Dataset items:
((
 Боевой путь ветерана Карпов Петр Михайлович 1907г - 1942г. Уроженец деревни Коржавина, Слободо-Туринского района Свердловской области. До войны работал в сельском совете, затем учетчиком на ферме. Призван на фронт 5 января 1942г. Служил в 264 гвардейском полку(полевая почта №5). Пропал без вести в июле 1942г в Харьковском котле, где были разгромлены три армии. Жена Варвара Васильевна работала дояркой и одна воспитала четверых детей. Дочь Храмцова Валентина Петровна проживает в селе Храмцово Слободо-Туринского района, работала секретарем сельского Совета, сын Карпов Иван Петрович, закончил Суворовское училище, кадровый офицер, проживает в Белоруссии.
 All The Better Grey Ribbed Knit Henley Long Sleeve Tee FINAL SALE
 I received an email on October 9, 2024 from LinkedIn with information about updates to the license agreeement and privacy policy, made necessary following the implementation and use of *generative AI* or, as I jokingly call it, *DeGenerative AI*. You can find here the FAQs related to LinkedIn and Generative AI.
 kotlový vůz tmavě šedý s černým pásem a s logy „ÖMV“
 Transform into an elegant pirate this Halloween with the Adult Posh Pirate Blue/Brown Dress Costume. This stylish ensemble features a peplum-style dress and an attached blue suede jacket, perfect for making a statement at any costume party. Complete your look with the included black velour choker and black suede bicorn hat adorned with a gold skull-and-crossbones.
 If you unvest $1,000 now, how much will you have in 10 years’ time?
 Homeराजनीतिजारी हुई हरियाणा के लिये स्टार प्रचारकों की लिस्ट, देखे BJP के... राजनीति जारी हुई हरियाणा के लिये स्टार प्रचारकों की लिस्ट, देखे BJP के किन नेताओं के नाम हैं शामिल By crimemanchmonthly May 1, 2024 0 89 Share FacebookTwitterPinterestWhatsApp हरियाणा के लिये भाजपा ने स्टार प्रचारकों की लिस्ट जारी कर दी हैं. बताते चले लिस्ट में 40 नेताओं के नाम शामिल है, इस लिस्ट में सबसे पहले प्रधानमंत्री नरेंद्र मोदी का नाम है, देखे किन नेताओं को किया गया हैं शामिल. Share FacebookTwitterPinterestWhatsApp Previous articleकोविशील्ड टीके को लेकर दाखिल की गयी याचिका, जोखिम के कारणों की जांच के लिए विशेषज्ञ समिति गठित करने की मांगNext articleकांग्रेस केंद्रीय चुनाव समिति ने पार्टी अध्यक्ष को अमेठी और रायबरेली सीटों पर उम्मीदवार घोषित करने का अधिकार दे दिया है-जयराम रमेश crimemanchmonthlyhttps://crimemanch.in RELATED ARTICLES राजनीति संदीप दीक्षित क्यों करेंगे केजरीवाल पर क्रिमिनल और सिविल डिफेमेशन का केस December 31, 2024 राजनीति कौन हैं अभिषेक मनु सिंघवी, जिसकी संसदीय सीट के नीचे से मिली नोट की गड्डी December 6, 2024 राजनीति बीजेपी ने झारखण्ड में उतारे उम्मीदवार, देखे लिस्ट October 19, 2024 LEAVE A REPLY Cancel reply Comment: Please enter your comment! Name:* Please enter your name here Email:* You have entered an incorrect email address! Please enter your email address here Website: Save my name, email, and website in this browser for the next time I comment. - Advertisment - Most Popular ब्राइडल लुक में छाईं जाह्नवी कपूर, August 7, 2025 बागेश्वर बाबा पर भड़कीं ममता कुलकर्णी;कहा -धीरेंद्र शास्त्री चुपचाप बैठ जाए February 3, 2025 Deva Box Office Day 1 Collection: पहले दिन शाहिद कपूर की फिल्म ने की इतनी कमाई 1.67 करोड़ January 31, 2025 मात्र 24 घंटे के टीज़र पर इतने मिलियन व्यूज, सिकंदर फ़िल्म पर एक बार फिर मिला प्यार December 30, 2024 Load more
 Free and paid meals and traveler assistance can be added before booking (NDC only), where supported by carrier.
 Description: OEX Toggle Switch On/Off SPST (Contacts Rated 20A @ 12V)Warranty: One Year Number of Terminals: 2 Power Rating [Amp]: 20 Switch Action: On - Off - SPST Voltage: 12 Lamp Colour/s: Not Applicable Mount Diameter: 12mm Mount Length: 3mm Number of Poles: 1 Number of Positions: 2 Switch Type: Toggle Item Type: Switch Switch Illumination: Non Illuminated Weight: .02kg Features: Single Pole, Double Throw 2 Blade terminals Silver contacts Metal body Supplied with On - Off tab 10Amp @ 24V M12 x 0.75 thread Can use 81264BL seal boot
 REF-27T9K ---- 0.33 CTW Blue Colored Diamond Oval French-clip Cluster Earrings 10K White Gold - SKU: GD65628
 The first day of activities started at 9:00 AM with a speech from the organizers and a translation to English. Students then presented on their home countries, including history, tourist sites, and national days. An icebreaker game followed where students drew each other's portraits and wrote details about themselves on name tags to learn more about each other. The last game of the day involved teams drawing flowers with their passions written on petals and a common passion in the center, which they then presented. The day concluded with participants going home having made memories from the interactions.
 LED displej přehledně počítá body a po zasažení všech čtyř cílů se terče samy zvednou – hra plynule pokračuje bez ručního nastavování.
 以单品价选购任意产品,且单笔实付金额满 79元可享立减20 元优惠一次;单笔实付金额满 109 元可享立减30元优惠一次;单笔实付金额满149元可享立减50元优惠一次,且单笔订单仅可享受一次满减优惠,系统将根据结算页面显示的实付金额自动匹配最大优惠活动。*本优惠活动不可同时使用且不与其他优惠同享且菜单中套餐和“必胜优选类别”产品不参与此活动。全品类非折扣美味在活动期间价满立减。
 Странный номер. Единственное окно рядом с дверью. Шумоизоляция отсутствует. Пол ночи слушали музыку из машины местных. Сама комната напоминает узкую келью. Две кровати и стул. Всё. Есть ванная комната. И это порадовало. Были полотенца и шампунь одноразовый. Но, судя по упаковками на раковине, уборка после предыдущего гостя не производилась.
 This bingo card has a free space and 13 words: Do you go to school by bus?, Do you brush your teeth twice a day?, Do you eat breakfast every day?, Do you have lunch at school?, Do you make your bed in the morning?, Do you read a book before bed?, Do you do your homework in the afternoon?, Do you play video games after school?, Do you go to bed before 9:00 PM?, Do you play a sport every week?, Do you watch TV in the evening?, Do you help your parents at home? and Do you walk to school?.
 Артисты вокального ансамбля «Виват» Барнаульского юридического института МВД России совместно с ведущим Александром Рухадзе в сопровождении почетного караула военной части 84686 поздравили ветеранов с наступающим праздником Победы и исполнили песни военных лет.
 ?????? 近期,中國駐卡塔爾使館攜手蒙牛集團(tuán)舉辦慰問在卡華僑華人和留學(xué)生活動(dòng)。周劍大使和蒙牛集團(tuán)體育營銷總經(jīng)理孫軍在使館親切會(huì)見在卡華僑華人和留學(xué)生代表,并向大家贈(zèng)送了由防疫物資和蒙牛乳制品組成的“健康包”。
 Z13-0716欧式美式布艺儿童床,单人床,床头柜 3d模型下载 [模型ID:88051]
))
» TASK DESCRIPTION: Exactly as written above, copy out all the records.

» ANSWER TO THIS TASK:
 Боевой путь ветерана Карпов Петр Михайлович 1907г - 1942г. Уроженец деревни Коржавина, Слободо-Туринского района Свердловской области. До войны работал в сельском совете, затем учетчиком на ферме. Призван на фронт 5 января 1942г. Служил в 264 гвардейском полку(полевая почта №5). Пропал без вести в июле 1942г в Харьковском котле, где были разгромлены три армии. Жена Варвара Васильевна работала дояркой и одна воспитала четверых детей. Дочь Храмцова Валентина Петровна проживает в селе Храмцово Слободо-Туринского района, работала секретарем сельского Совета, сын Карпов Иван Петрович, закончил Суворовское училище, кадровый офицер, проживает в Белоруссии.
 All The Better Grey Ribbed Knit Henley Long Sleeve Tee FINAL SALE
 I received an email on October 9, 2024 from LinkedIn with information about updates to the license agreeement and privacy policy, made necessary following the implementation and use of *generative AI* or, as I jokingly call it, *DeGenerative AI*. You can find here the FAQs related to LinkedIn and Generative AI.
 kotlový vůz tmavě šedý s černým pásem a s logy „ÖMV“
 Transform into an elegant pirate this Halloween with the Adult Posh Pirate Blue/Brown Dress Costume. This stylish ensemble features a peplum-style dress and an attached blue suede jacket, perfect for making a statement at any costume party. Complete your look with the included black velour choker and black suede bicorn hat adorned with a gold skull-and-crossbones.
 If you unvest $1,000 now, how much will you have in 10 years’ time?
 Homeराजनीतिजारी हुई हरियाणा के लिये स्टार प्रचारकों की लिस्ट, देखे BJP के... राजनीति जारी हुई हरियाणा के लिये स्टार प्रचारकों की लिस्ट, देखे BJP के किन नेताओं के नाम हैं शामिल By crimemanchmonthly May 1, 2024 0 89 Share FacebookTwitterPinterestWhatsApp हरियाणा के लिये भाजपा ने स्टार प्रचारकों की लिस्ट जारी कर दी हैं. बताते चले लिस्ट में 40 नेताओं के नाम शामिल है, इस लिस्ट में सबसे पहले प्रधानमंत्री नरेंद्र मोदी का नाम है, देखे किन नेताओं को किया गया हैं शामिल. Share FacebookTwitterPinterestWhatsApp Previous articleकोविशील्ड टीके को लेकर दाखिल की गयी याचिका, जोखिम के कारणों की जांच के लिए विशेषज्ञ समिति गठित करने की मांगNext articleकांग्रेस केंद्रीय चुनाव समिति ने पार्टी अध्यक्ष को अमेठी और रायबरेली सीटों पर उम्मीदवार घोषित करने का अधिकार दे दिया है-जयराम रमेश crimemanchmonthlyhttps://crimemanch.in RELATED ARTICLES राजनीति संदीप दीक्षित क्यों करेंगे केजरीवाल पर क्रिमिनल और सिविल डिफेमेशन का केस December 31, 2024 राजनीति कौन हैं अभिषेक मनु सिंघवी, जिसकी संसदीय सीट के नीचे से मिली नोट की गड्डी December 6, 2024 राजनीति बीजेपी ने झारखण्ड में उतारे उम्मीदवार, देखे लिस्ट October 19, 2024 LEAVE A REPLY Cancel reply Comment: Please enter your comment! Name:* Please enter your name here Email:* You have entered an incorrect email address! Please enter your email address here Website: Save my name, email, and website in this browser for the next time I comment. - Advertisment - Most Popular ब्राइडल लुक में छाईं जाह्नवी कपूर, August 7, 2025 बागेश्वर बाबा पर भड़कीं ममता कुलकर्णी;कहा -धीरेंद्र शास्त्री चुपचाप बैठ जाए February 3, 2025 Deva Box Office Day 1 Collection: पहले दिन शाहिद कपूर की फिल्म ने की इतनी कमाई 1.67 करोड़ January 31, 2025 मात्र 24 घंटे के टीज़र पर इतने मिलियन व्यूज, सिकंदर फ़िल्म पर एक बार फिर मिला प्यार December 30, 2024 Load more
 Free and paid meals and traveler assistance can be added before booking (NDC only), where supported by carrier.
 Description: OEX Toggle Switch On/Off SPST (Contacts Rated 20A @ 12V)Warranty: One Year Number of Terminals: 2 Power Rating [Amp]: 20 Switch Action: On - Off - SPST Voltage: 12 Lamp Colour/s: Not Applicable Mount Diameter: 12mm Mount Length: 3mm Number of Poles: 1 Number of Positions: 2 Switch Type: Toggle Item Type: Switch Switch Illumination: Non Illuminated Weight: .02kg Features: Single Pole, Double Throw 2 Blade terminals Silver contacts Metal body Supplied with On - Off tab 10Amp @ 24V M12 x 0.75 thread Can use 81264BL seal boot
 REF-27T9K ---- 0.33 CTW Blue Colored Diamond Oval French-clip Cluster Earrings 10K White Gold - SKU: GD65628
 The first day of activities started at 9:00 AM with a speech from the organizers and a translation to English. Students then presented on their home countries, including history, tourist sites, and national days. An icebreaker game followed where students drew each other's portraits and wrote details about themselves on name tags to learn more about each other. The last game of the day involved teams drawing flowers with their passions written on petals and a common passion in the center, which they then presented. The day concluded with participants going home having made memories from the interactions.
 LED displej přehledně počítá body a po zasažení všech čtyř cílů se terče samy zvednou – hra plynule pokračuje bez ručního nastavování.
 以单品价选购任意产品,且单笔实付金额满 79元可享立减20 元优惠一次;单笔实付金额满 109 元可享立减30元优惠一次;单笔实付金额满149元可享立减50元优惠一次,且单笔订单仅可享受一次满减优惠,系统将根据结算页面显示的实付金额自动匹配最大优惠活动。*本优惠活动不可同时使用且不与其他优惠同享且菜单中套餐和“必胜优选类别”产品不参与此活动。全品类非折扣美味在活动期间价满立减。
 Странный номер. Единственное окно рядом с дверью. Шумоизоляция отсутствует. Пол ночи слушали музыку из машины местных. Сама комната напоминает узкую келью. Две кровати и стул. Всё. Есть ванная комната. И это порадовало. Были полотенца и шампунь одноразовый. Но, судя по упаковками на раковине, уборка после предыдущего гостя не производилась.
 This bingo card has a free space and 13 words: Do you go to school by bus?, Do you brush your teeth twice a day?, Do you eat breakfast every day?, Do you have lunch at school?, Do you make your bed in the morning?, Do you read a book before bed?, Do you do your homework in the afternoon?, Do you play video games after school?, Do you go to bed before 9:00 PM?, Do you play a sport every week?, Do you watch TV in the evening?, Do you help your parents at home? and Do you walk to school?.
 Артисты вокального ансамбля «Виват» Барнаульского юридического института МВД России совместно с ведущим Александром Рухадзе в сопровождении почетного караула военной части 84686 поздравили ветеранов с наступающим праздником Победы и исполнили песни военных лет.
 ?????? 近期,中國駐卡塔爾使館攜手蒙牛集團(tuán)舉辦慰問在卡華僑華人和留學(xué)生活動(dòng)。周劍大使和蒙牛集團(tuán)體育營銷總經(jīng)理孫軍在使館親切會(huì)見在卡華僑華人和留學(xué)生代表,并向大家贈(zèng)送了由防疫物資和蒙牛乳制品組成的“健康包”。
 Z13-0716欧式美式布艺儿童床,单人床,床头柜 3d模型下载 [模型ID:88051]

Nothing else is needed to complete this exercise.